Dealing with VAT on fundraising events
A local sports club held a Christmas fundraising dinner, the club is non-profit making but they are unsure about how to deal with VAT on the income. Also can the club claim any input tax on the costs of the dinner? John Craig provides the answers.
The good news is that the income from the dinner will be exempt from VAT as long as the following important conditions are met:
- The event was clearly advertised as a fundraiser on promotional material, tickets and on the club’s website and so on.
- The event was intended to make a surplus.
- It was organised by a charity or non-profit making organisation.
- No more than 15 events of the same type at the same location are held in a financial year.

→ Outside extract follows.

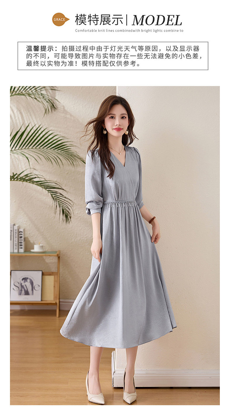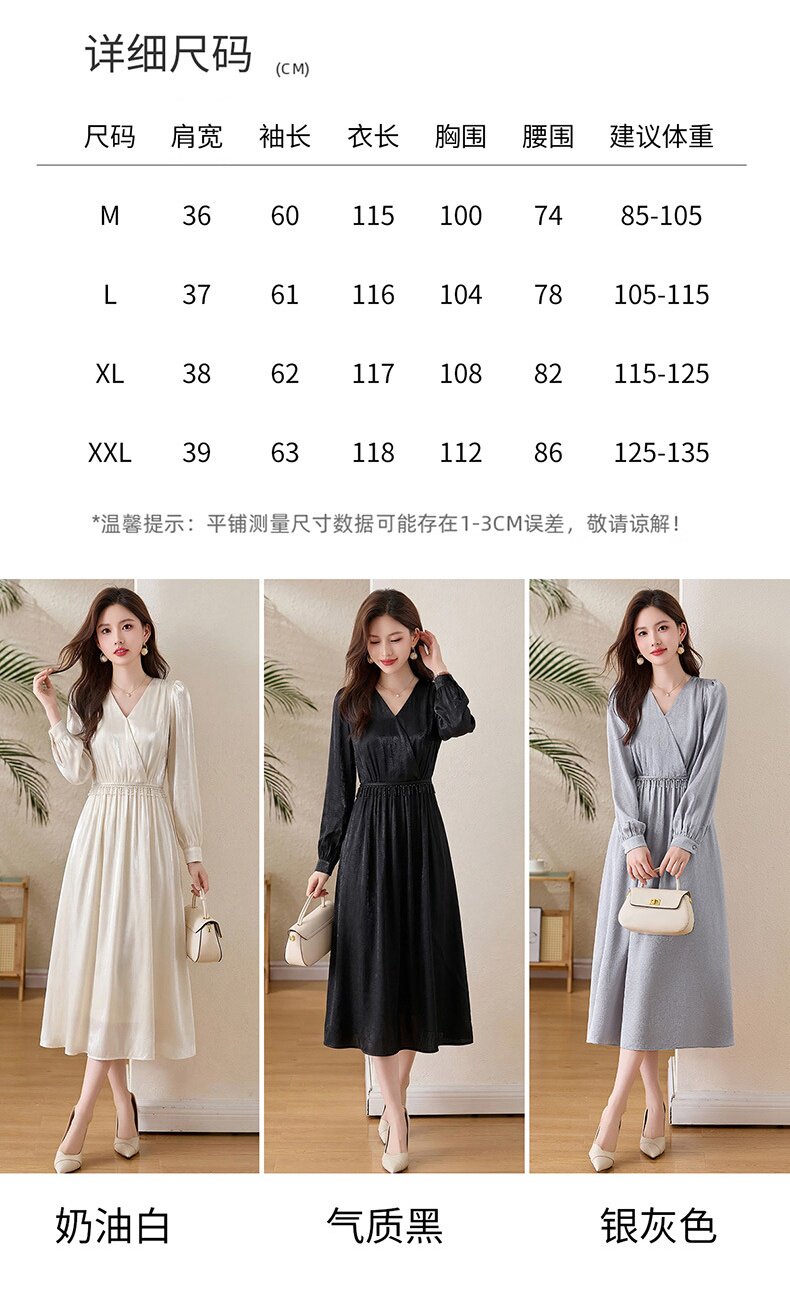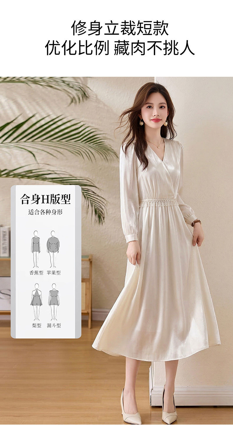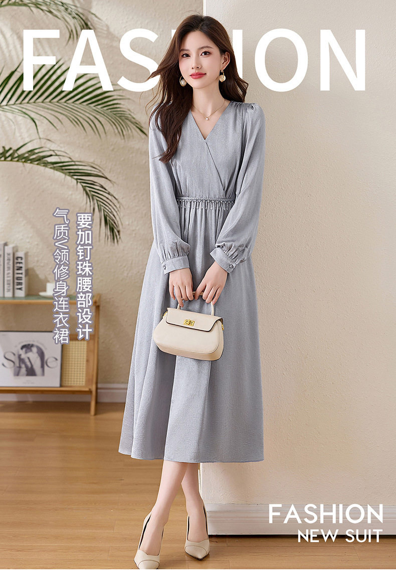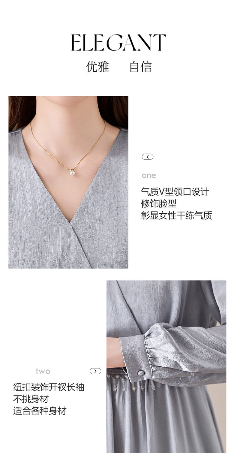 「自」全新升级【铂金会员330/天猫439/差价109】(01540)洛诗琳气质V领钉珠连衣裙女2026新款高级感温柔风收腰长裙

If 16 or more such events are held then none of the events will qualify for the exemption.
It’s not a problem if the event made a loss due to lack of support or unexpected costs. It is the intention of making a surplus that counts, so we recommend always producing a forecast to show the expected profit from the evening.
It is important to include “irrecoverable VAT” on expenses in the costings for such because of a potential input tax block. The exemption applies to all income that is specific to such an event e.g. ticket sales, programme sales, promotional material or merchandise, auction items, sponsorship packages, advertising revenue and so forth.
HMRC would challenge attempts to apply the exemption to normal trading income that is earned from the event. For example, bar sales at the clubhouse would not be income specific to the event but a separate wine counter away from the bar, with a separate purchase invoice, for customers to buy wine with their meals, would not be a problem.
The starting point is that any VAT paid on the costs of the evening are input tax blocked under the rules of partial exemption. This is a fair outcome, HMRC is not getting VAT on the income from the evening, so it is reasonable that input tax is also blocked. Costs that the block would apply to would include the following expenses: catering fees, guest speaker fees, cost of auction items and other merchandise, advertising costs for the event.
However, there is a window of opportunity that might enable the club to fully claim input tax by using the partial exemption de minimis limits. These rules apply if the input tax relevant to exempt activities is less than £625 per month on average and also less than 50% of total input tax in a VAT period.
The exempt input tax figure includes a proportion of the VAT incurred on overhead items and mixed costs, e.g. telephone bills, computer costs. This calculation is usually made according to the standard method of partial exemption based on splits between taxable and exempt income. All partly exempt businesses must carry out a partial exemption annual adjustment up to the end of March, April or May (depending on VAT periods) and the annual figures supersede any quarterly or monthly calculations. The maximum figure for exempt input tax is therefore £7,500 in a year, i.e. £625 x 12 months but it must also be less than 50% of total input tax. You will need to check VAT on any other sources of exempt income, e.g. playing fees when considering the de minimis limits.
CONCLUSION
Income specifically from the event will be exempt if the event was properly promoted as a fundraiser. Ensure such income is kept separate from any other income, e.g. bar sales, as these can’t be covered. You may be able to use the partial exemption de minimis rules to reclaim input VAT but do remember to include any other VAT from exempt sources.